DIRECTIONS FOR THIS TASK –
An exact copy of all the lines below is required, with every image left out.

DATA SHOWN –
------------------------------

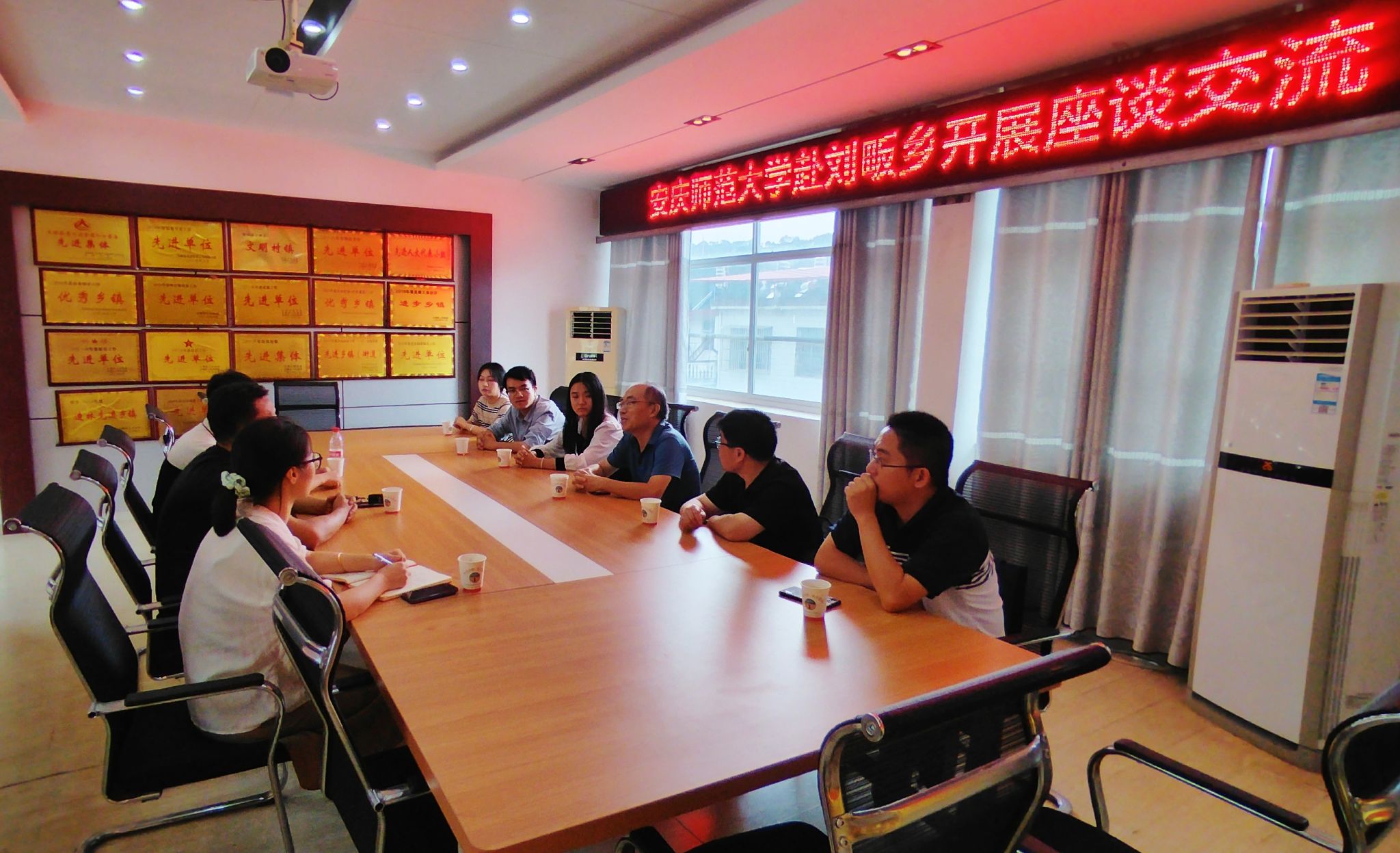 在刘家畈乡政府召开座谈交流会,金文斌简要介绍了大别山革命文化研究中心的基本情况与考察目的,乡党委书记方毅详细介绍了刘家畈会议的背景、内容,双方就刘家畈会议的重要意义和历史影响进行了深入交流,并就刘邓大军刘家畈会议学术研讨会有关事宜进行讨论。
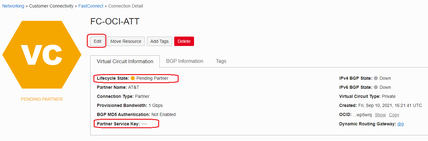 You still need to obtain the AT&T Service Key from the AT&T portal following the steps from above blog post, more precisely the steps from 1 to 8. The big difference is that you do not need to open any Support SR for provisioning the FC VC because now, with the new feature, we can Edit the Virtual Circuit and insert the service key obtained from the AT&T portal.
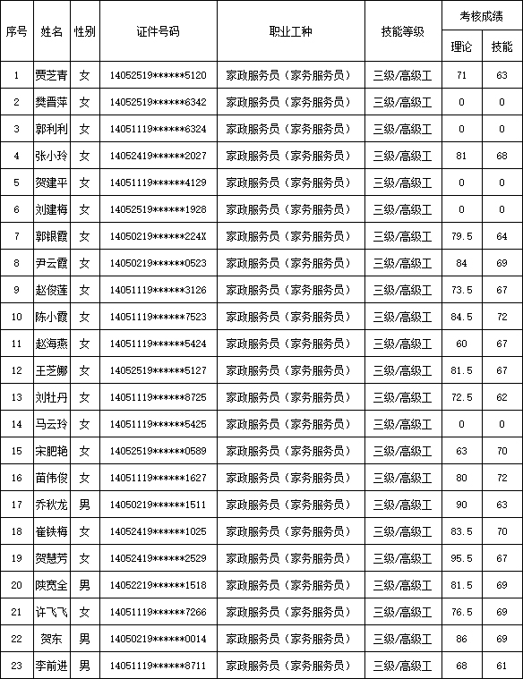 山西潔霸清潔服務(wù)集團(tuán)股份有限公司職業(yè)技能等級(jí)認(rèn)定中心現(xiàn)在將2025年8月30日認(rèn)定人員成績(jī)公示如下:

------------------------------

RESPONSE BOX –
 在刘家畈乡政府召开座谈交流会,金文斌简要介绍了大别山革命文化研究中心的基本情况与考察目的,乡党委书记方毅详细介绍了刘家畈会议的背景、内容,双方就刘家畈会议的重要意义和历史影响进行了深入交流,并就刘邓大军刘家畈会议学术研讨会有关事宜进行讨论。
 You still need to obtain the AT&T Service Key from the AT&T portal following the steps from above blog post, more precisely the steps from 1 to 8. The big difference is that you do not need to open any Support SR for provisioning the FC VC because now, with the new feature, we can Edit the Virtual Circuit and insert the service key obtained from the AT&T portal.
 山西潔霸清潔服務(wù)集團(tuán)股份有限公司職業(yè)技能等級(jí)認(rèn)定中心現(xiàn)在將2025年8月30日認(rèn)定人員成績(jī)公示如下:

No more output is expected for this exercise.